■ **The problem**: In the records below, find the line containing "Delincuentes desconocidos se" and the line containing "Size:14  |  Color:Tan". Give again exactly those lines and every line between them, omitting the pictures.

■ **Record extracts**:
▬▬▬▬▬▬▬▬▬▬
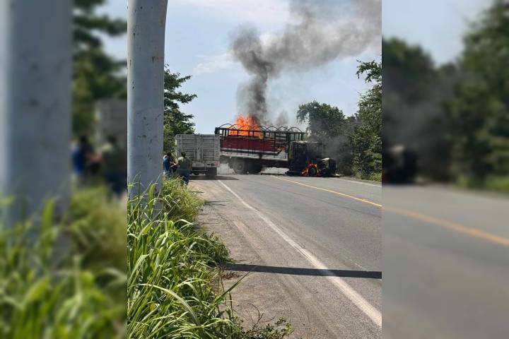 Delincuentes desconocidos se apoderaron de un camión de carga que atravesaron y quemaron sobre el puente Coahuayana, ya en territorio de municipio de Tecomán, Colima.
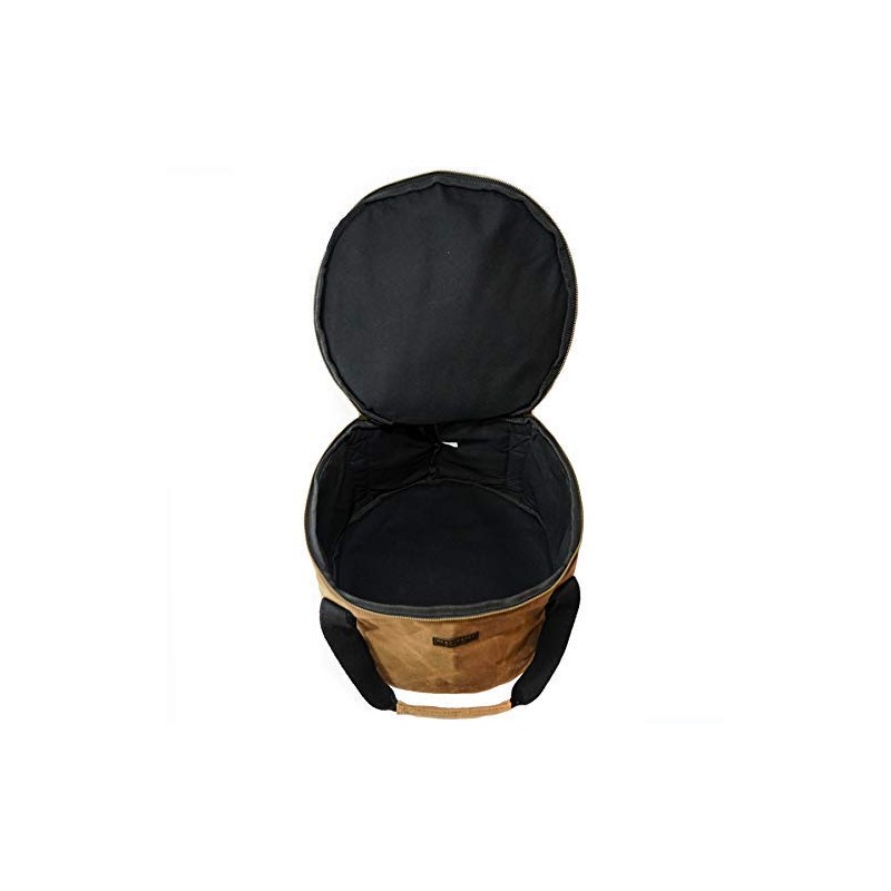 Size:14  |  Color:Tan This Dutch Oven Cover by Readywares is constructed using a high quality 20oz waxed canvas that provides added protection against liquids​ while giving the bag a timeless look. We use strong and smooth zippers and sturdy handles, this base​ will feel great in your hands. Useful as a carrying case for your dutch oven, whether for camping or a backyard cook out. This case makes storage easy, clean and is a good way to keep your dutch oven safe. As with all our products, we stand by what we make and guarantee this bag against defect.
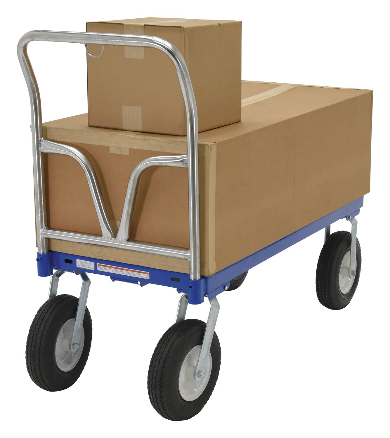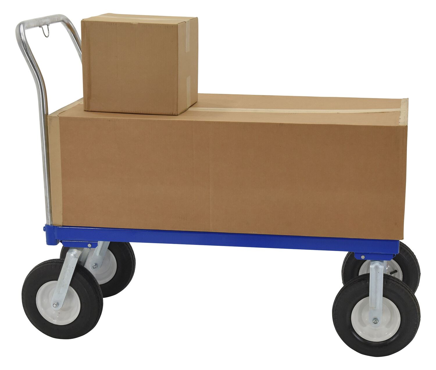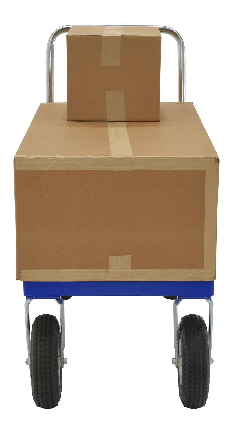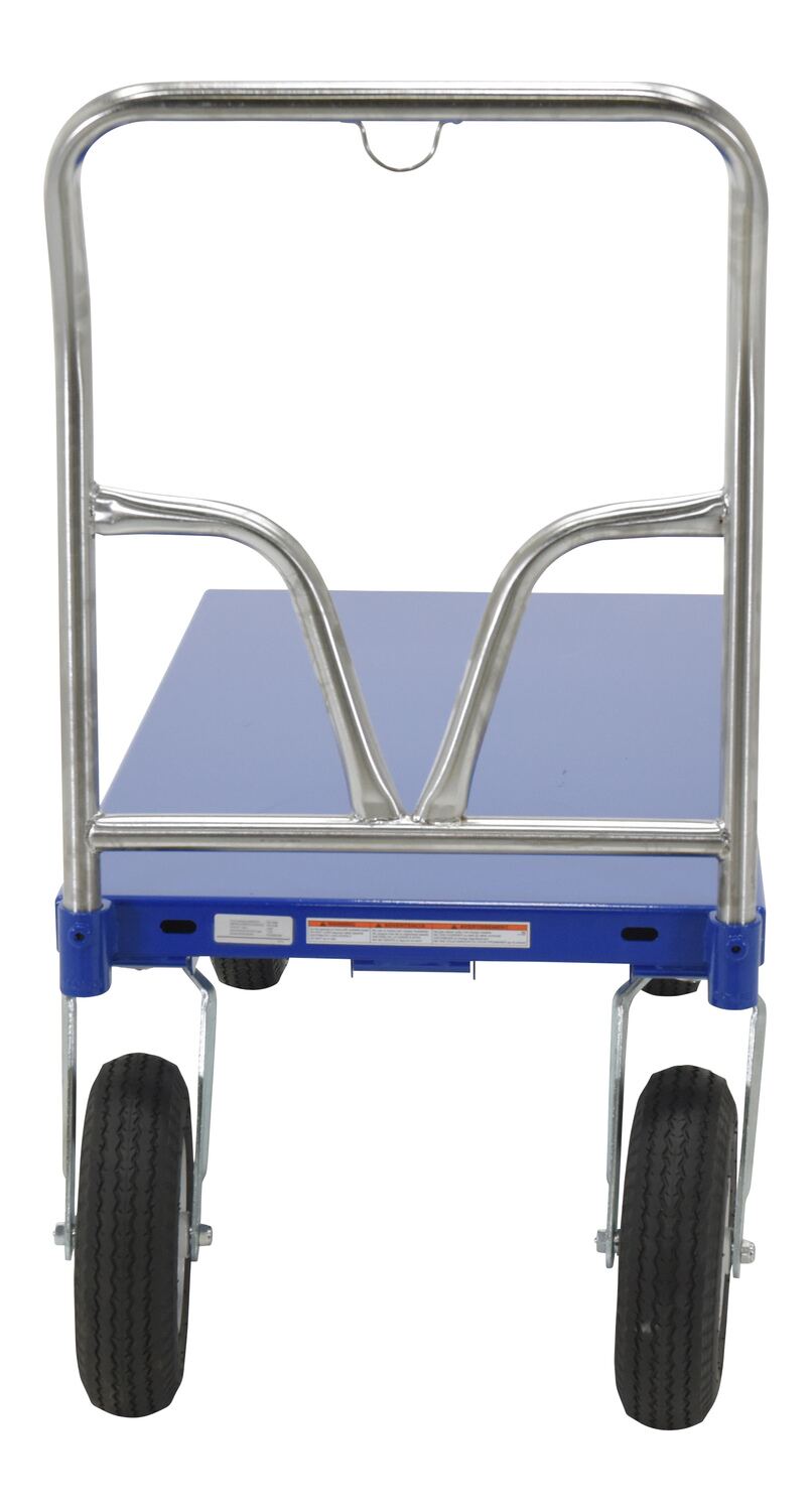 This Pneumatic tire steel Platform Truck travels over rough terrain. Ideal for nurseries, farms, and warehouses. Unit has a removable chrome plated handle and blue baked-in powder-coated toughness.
▬▬▬▬▬▬▬▬▬▬
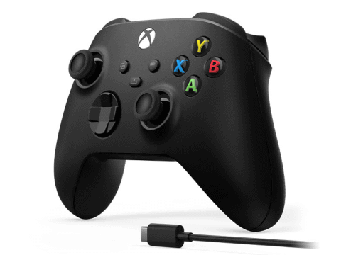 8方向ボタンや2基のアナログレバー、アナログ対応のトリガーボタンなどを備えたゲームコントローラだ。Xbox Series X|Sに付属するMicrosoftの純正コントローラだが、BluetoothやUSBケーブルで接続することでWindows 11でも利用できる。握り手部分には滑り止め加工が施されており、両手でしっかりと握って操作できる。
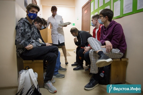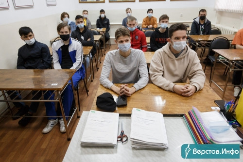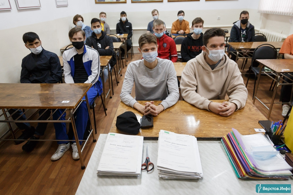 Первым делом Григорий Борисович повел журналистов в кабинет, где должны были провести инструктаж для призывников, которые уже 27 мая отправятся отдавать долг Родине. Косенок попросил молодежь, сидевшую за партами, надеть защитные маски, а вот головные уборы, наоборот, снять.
▬▬▬▬▬▬▬▬▬▬
■ **Exercise answer**:
 Delincuentes desconocidos se apoderaron de un camión de carga que atravesaron y quemaron sobre el puente Coahuayana, ya en territorio de municipio de Tecomán, Colima.
 Size:14  |  Color:Tan This Dutch Oven Cover by Readywares is constructed using a high quality 20oz waxed canvas that provides added protection against liquids​ while giving the bag a timeless look. We use strong and smooth zippers and sturdy handles, this base​ will feel great in your hands. Useful as a carrying case for your dutch oven, whether for camping or a backyard cook out. This case makes storage easy, clean and is a good way to keep your dutch oven safe. As with all our products, we stand by what we make and guarantee this bag against defect.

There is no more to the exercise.